* [WHAT IS REQUIRED] Would you retype the whole listing verbatim, keeping pictures out of it?

* [DATA EXTRACT]

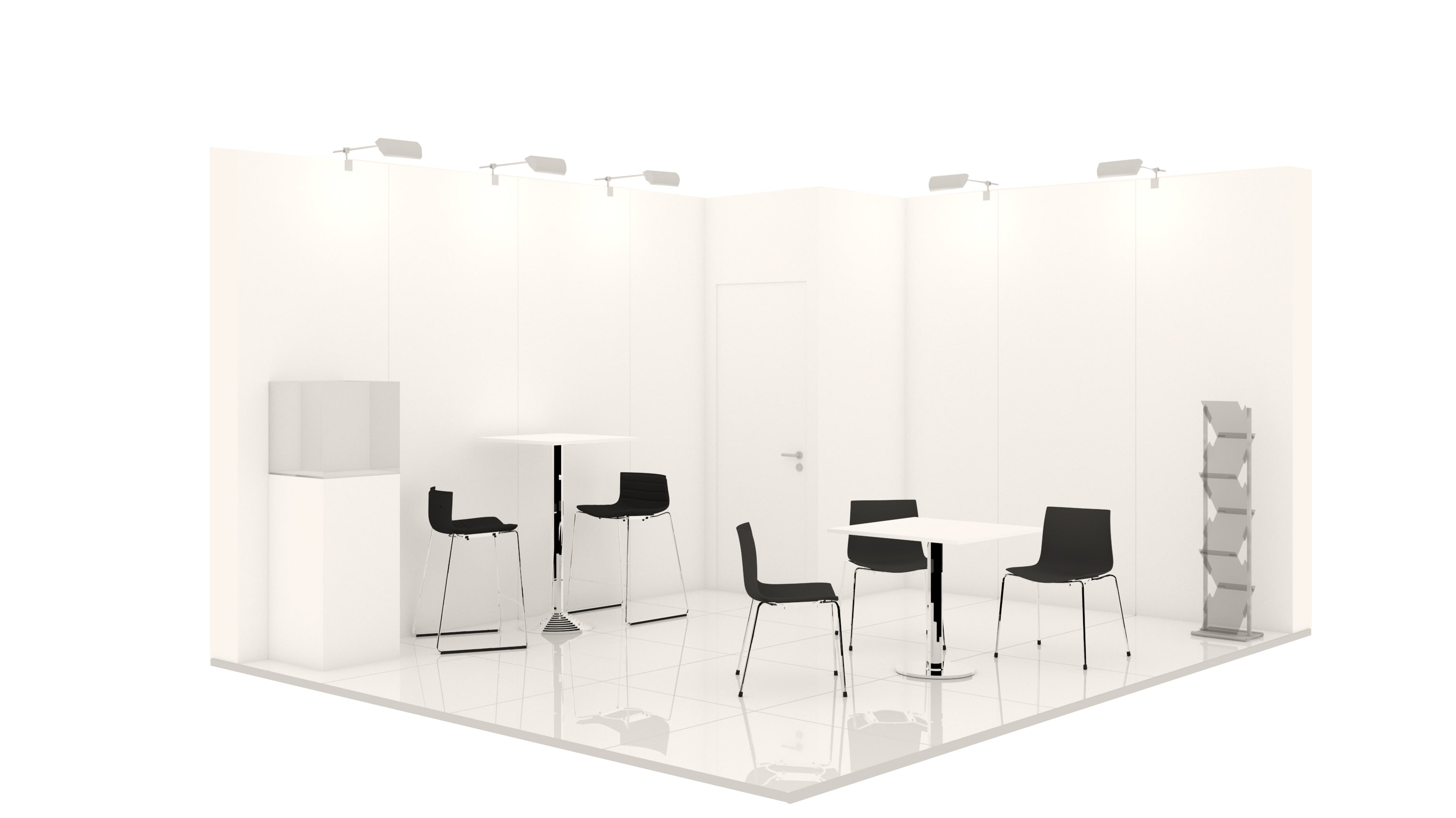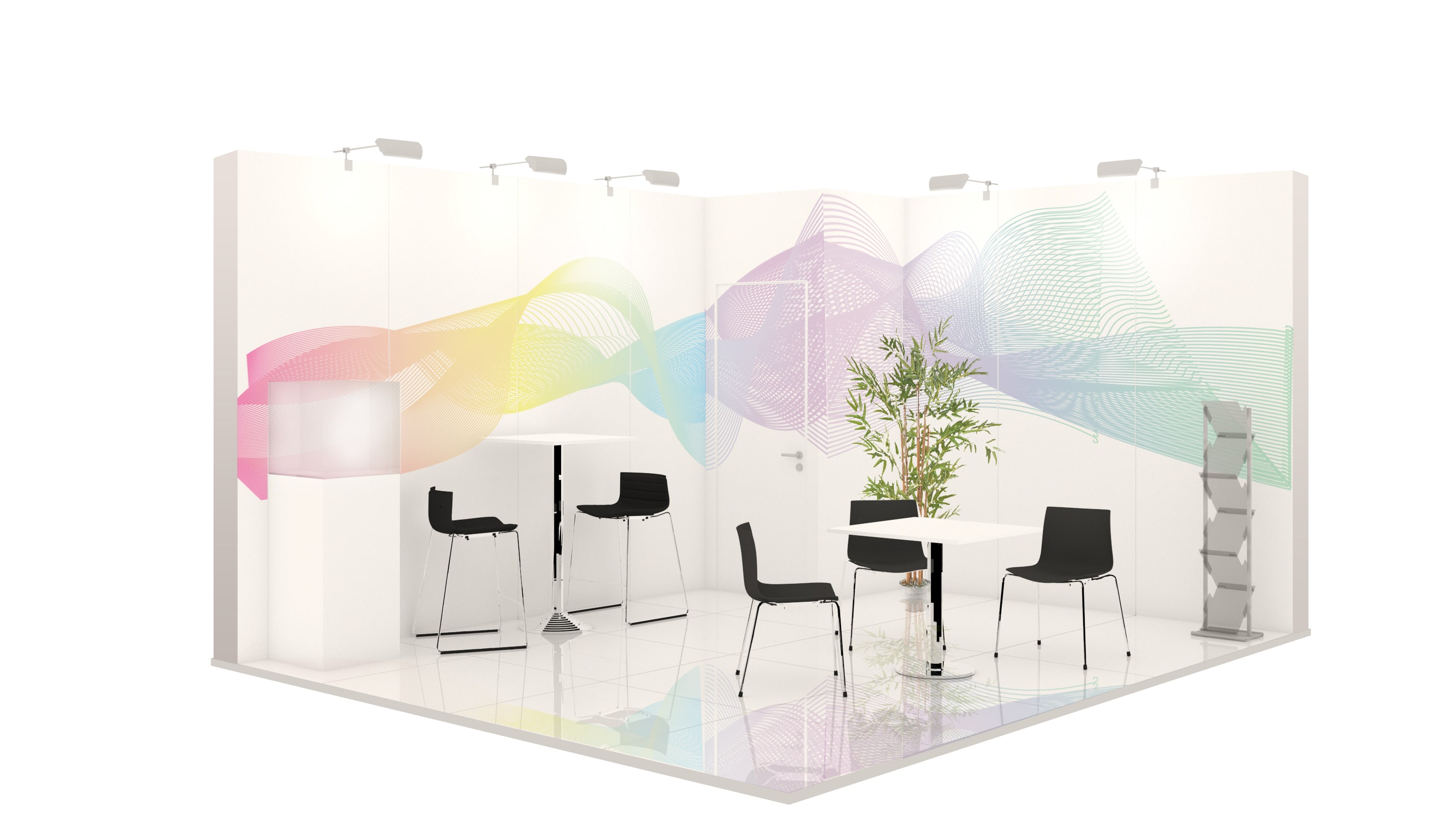 The illustration of the stand shown is an example and may differ from the stand space and type booked. Stand visuals may include additional equipment and graphic elements that are subject to a charge.
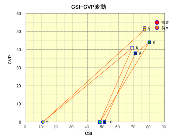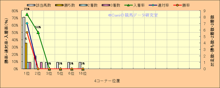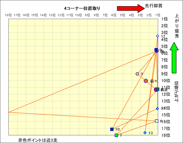 近走における4コーナーでの位置取りと上がり順位(頭数補正後) |
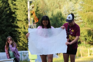 V průběhu závodu tým opiček našel neobvyklý předmět, který do pralesa vůbec nepatří. Tajuplný tubus se zvláštními poznámkami. Některé znaky šly velmi dobře číst, jiné tvořily klikyháky, které ani Borka nepřelouskala. Díky našim nejmenším táborníkům jsme zvládli přečíst všechno. Pravděpodobně máme mezi sebou nějakého zrádce a tento tajuplný tubus jsme vůbec neměli najít. Ukazuje, že se dnes okolo 22 h má něco dít.

* [COMPLETED TASK]
 The illustration of the stand shown is an example and may differ from the stand space and type booked. Stand visuals may include additional equipment and graphic elements that are subject to a charge.
 近走における4コーナーでの位置取りと上がり順位(頭数補正後) |
 V průběhu závodu tým opiček našel neobvyklý předmět, který do pralesa vůbec nepatří. Tajuplný tubus se zvláštními poznámkami. Některé znaky šly velmi dobře číst, jiné tvořily klikyháky, které ani Borka nepřelouskala. Díky našim nejmenším táborníkům jsme zvládli přečíst všechno. Pravděpodobně máme mezi sebou nějakého zrádce a tento tajuplný tubus jsme vůbec neměli najít. Ukazuje, že se dnes okolo 22 h má něco dít.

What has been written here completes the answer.